FERRICRETES, MANGANOCRETES, AND EXOTIC CU DEPOSITS FORMED IN WEATHERING AND DISPERSION FROM PORPHYRY CU DEPOSITS IN ARIZONA
Mineral zonation of these systems is a reliable exploration tool, pointing upgradient to an enriching bedrock porphyry Cu deposit, though unzoned small deposits also occur. Exotic Cu deposits develop best in channels incised into bedrock, and important tonnages are found in fractured bedrock rarely extending to 100 m below the alluvium. And, just as supergene enrichment of bedrock deposits is ongoing in Arizona, so, also, are exotic Cu, ferricrete, and manganocrete mineralization ongoing, at several places. Exotic mineralizing water is O2-poor, because it earlier weathered bedrock sulfides, so it deposits metals as oxides where it again meets atmospheric O2. The climate must be semi-arid, because too much background alluvial ground water will dilute the mineralizing water, and too little water stops the downgradient transport. Metals deposited due to evaporation are evident from special textures, further emphasizing the seasonal aridity and limits on water volumes. Where the bedrock is merely pyritic, goethitic ferricrete forms downgradient and nearby, and manganocrete lacking Cu forms farther below. Uniquely, though, the ferricrete of Cu-rich systems has red hematite, comparable with red hematite in leached cappings above Cu-rich supergene blankets. Chrysocolla of exotic deposits is commonly black due to substituted Mn.
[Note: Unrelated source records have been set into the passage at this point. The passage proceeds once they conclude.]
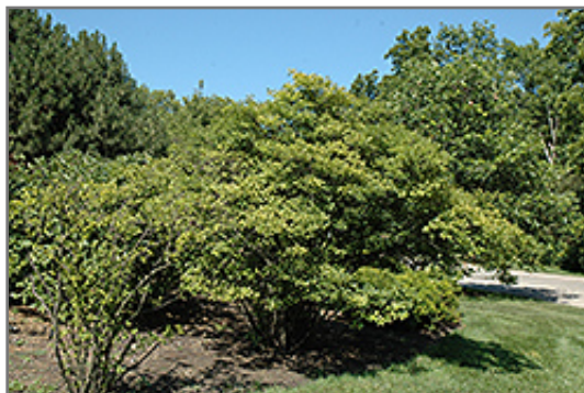
Japanese Winterberry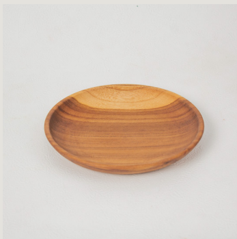
MEDIUM WOODEN PLATE SKU 5649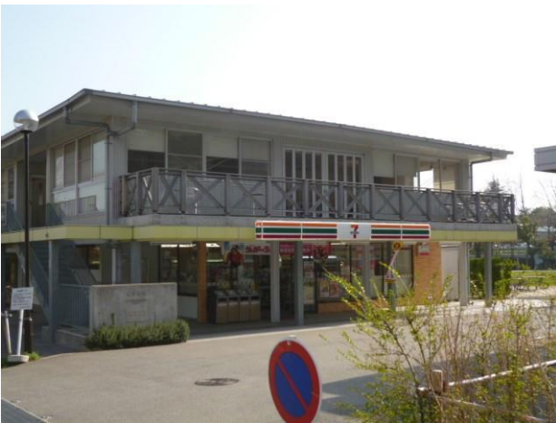
(5) You will find the convenience store, The Seven & Eleven. You can buy snacks, light meals, drinks, hot coffees, and use the copy machine and ATM.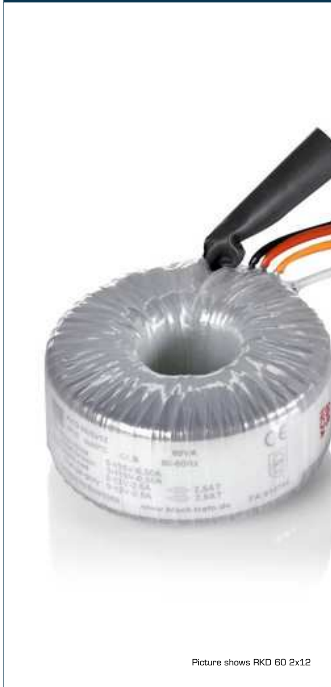
Picture shows RKD 60 2x12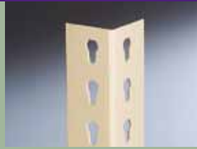
SUR Heavy Upright Post

Match posts with your needs: Use SUR posts for your most demanding applications. Use EUR for light or medium weight applications and in conjunction with ZTP posts. Use ZTP as an intermediate common "T" post.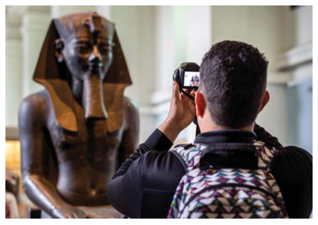
British Museum remains the most visited attraction in England

"Our world-class attractions have once more proven to be a huge draw for both UK and overseas visitors," said minister for arts, heritage and tourism Michael Ellis. MORE: http://lei.sr?a=S6C9B_A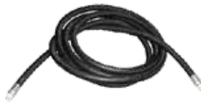
Leader Hose - 1" x 10' 31096BMFJD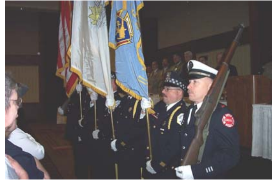
Members from St Michael The Archangel 12173 and St. Florian Patron of Firemen 12911, posted the colors at the opening ceremonies of the State Convention. What an honor for us to have them with us.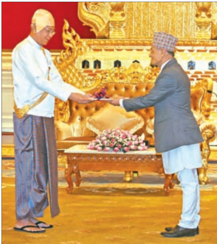
The newly-accredited Ambassador of Nepal presents his credentials to President U Htin Kyaw in Nay Pyi Taw.

Present on the occasion were Minister of State for Foreign Affairs U Kyaw Tin and Director-General U Thant Sin of the Protocol Department.—Myanmar News Agency ■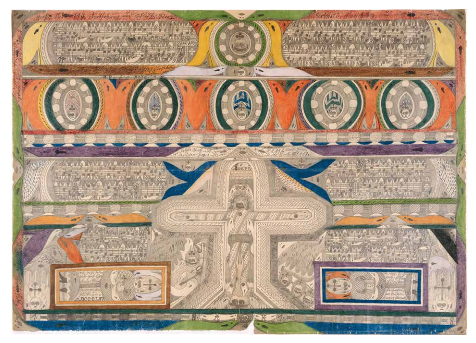
Figure 5: Wölfli 1914. Die Kreutzigung des heiligen Skt. Adolf. © 2021 Adolf Wölfli Stiftung

In figure 5 ( Die Kreutzigung des heiligen Skt. Adolf ), the presence of the musical component and the Christian theme are intensified. The musical notes, the facial self-portraits and the crosses are arranged around a Christian crucifixion of an ornamental Adolf Wölfli-like image, in which a crown of thorns and marks of spikes in hands and feet are visible. The elements, birds and snails, are inserted in every bit of spaces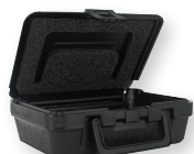
Protective carrying case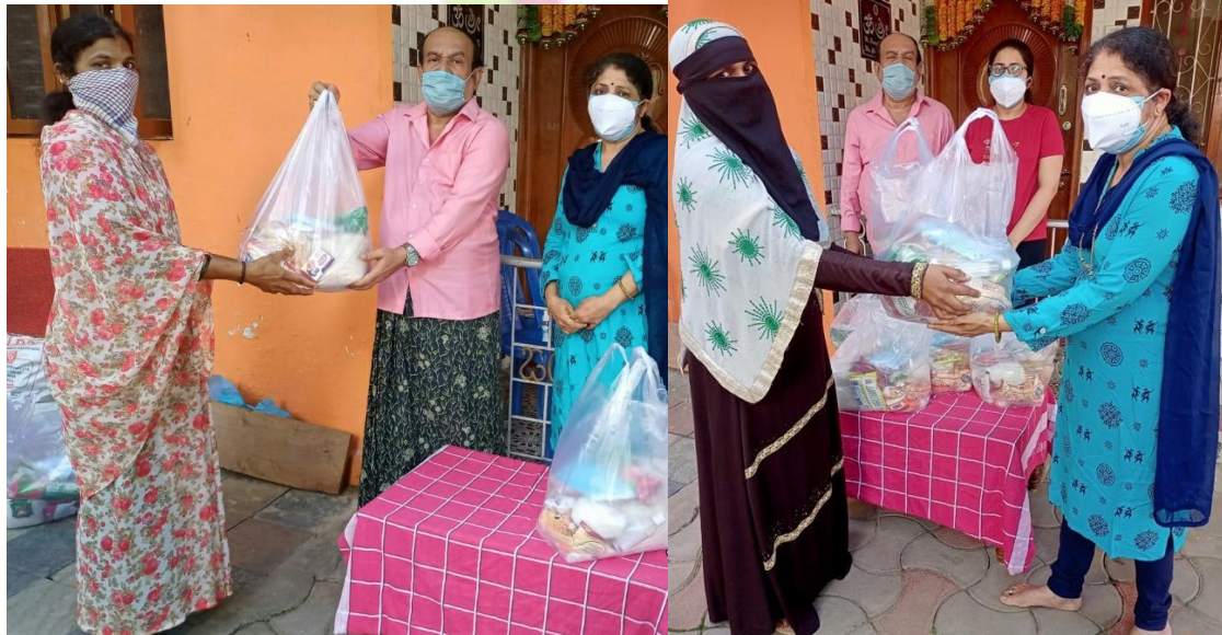
Urjavya Foundation volunteers donating kits among families in Shivamogga, Karnataka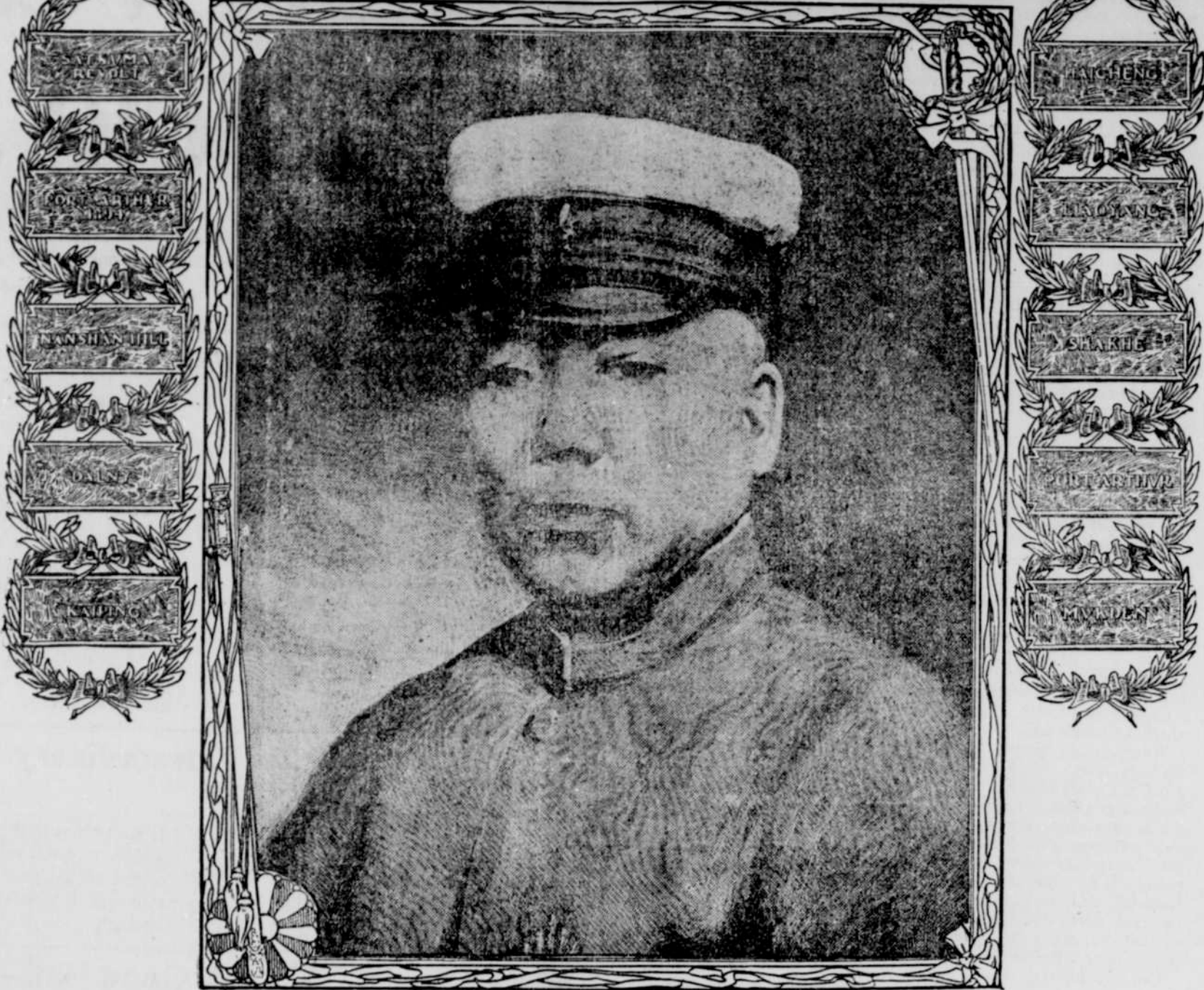
Field-Marshal Marquis Oyama

Field-Marshal the Marquis Oyama, chief of the general staff and commander-in-chief of the Japanese army, is one of the few generals of modern times who may claim to rank among the giants of war who have led troops in the field. The English call him the Wellington of Manchuria, which is the highest praise they can bestow upon any commander, but in European capitals, strategists, amazed by the boldness of a campaign now crowned with complete success, style him the Napoleon of the Orient. It is certain that no general, fighting against a worthy enemy, has achieved so unbroken a series of victories; that none has conceived a more stupendous plan of campaign to execute it so successfully; that none has exceeded the gigantic feat of driving from stronghold to stronghold and finally enveloping a force as big as the army of General Kuropatkin.

Study of these deposits is critical to understanding environmental geochemistry in the Southwest, because, in nature, acid rock drainage was remediated by depositing ferricretes, manganocretes, and exotic Cu deposits.
Münchmeyer, C., 1996, Exotic deposits products of lateral migration of supergene solutions from porphyry copper deposits, in Camus et al., eds., Andean copper deposits: new discoveries, mineralization styles and metallogeny: SEG Spec. Pub. 5, p. 43-58.